De toute évidence, il n’y a pas de
consensus sur les causes de la réanimation
des cadavres en automates carnivores. Pour
nos préoccupations, cette discorde est
divertissante mais hors de propos. Du point
de vue de la politique étrangère et de la
sécurité nationale, la principale raison de
s’inquiéter de la cause des zombies est
d’adopter des mesures et des politiques
préventives permettant de gérer les
juridictions infestées de zombies. Toutefois,
comme le suggèrent les politiques
antiterroristes et de sécurité intérieure, les
investissements massifs dans la prévention
ne peuvent pas être infaillibles à 100 %. Il
suffit d'un seul zombie pour créer une armée
de morts-vivants.
Malheureusement, la multiplicité même
des mécanismes causals rend la prévention à
la fois hautement improbable et d’un coût
prohibitif.6 Une doctrine véritablement
préventive nécessiterait une liste complète et
draconienne de mesures politiques. Il est peu
probable qu'un gouvernement ait la volonté
et la capacité de bloquer tous les efforts de
recherche pertinents dans les domaines
biologique,
le nucléaire et la technologie informatique,
surveillent et empêchent toute interférence
religieuse qui pourrait attiser les
morts-vivants,etconjurer le mal du Thriller.

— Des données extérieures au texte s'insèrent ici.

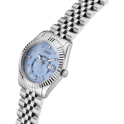 Cette montre Guess a un boîtier Inox 34 mm en diamètre et est équipée d'un bracelet Inox. Le boîtier contient un mouvement Seiko Instruments Inc. et la montre est dotée d'un cristal Minéral..

Même les gouvernements les plus puissants
manqueront de prévoyance et de capacités
pour bloquer tous les mécanismes causals
possibles par lesquels les morts pourraient
ressusciter.
Cela est particulièrement vrai étant donné
que, dans la plupart des histoires d’origine,
l’émergence de zombies est accidentelle
plutôt qu’intentionnelle. La complexité des
mesures de précaution pourraitaugmenterla
probabilité que des morts-vivants traquent
l’humanité en augmentant la probabilité d’un
« accident normal ».7Les efforts des
États-Unis pour développer des
contre-mesures au bioterrorisme, par
exemple, ont en fait augmenté l’offre de
toxines mortelles, augmentant ainsi
simultanément la probabilité qu’un accident
déclenche la libération involontaire d’une
biotoxine vers le monde extérieur.8Toutefois,
dans le cas du bioterrorisme, au moins le
gouvernement fédéral
Le gouvernement pourrait invoquer
l’existence d’attaques antérieures pour
valider les mesures préventives. Sans un
historique d’attaques de zombies pour se
justifier, aucun gouvernement ne pourrait
produire une analyse coûts-avantages
justifiant des politiques de précaution
approfondies.
La recherche sur les relations
internationales s'intéresse moins à lacausede
zombies que leureffetsur la politique
mondiale. Pour utiliser le langage des
sciences sociales, les goules carnivores sont
lesvariable indépendante.Il s’avère que les
créateurs de récits de zombies partagent
largement cette position. Il est révélateur que
ces histoires ne fournissent généralement
que des explications superficielles sur la
façon dont « Zombie Zero » est né. DansNuit
des morts-vivants, par exemple, Romero n'a
fourni une explication causale que sous la
pression des distributeurs du film.9 De
nombreux commentateurs ont correctement
observé la raison de ce manque d’inquiétude
; ces histoires se déroulent toujours après
l’éclatement de l’épidémie, alors que la
civilisation elle-même est menacée.dix
À l’instar des spécialistes des relations
internationales, les créateurs de récits de
zombies s’intéressent davantage à la manière
dont les morts-vivants affectent les
institutions humaines. L’absence de
consensus sur les causes des zombies peut
être frustrante, mais, pour notre propos, elle
ne pose pas de problème.
Un débat doctrinal encore plus féroce
porte sur la vitesse à laquelle les zombies
peuvent se déplacer.11De RomeroNuit des
morts-vivantspar l'intermédiaire de
BrooksGuerre mondiale Z, les morts-vivants
marchaient, traînaient, titubaient, rampaient
ou trébuchaient, mais ils ne couraient pas.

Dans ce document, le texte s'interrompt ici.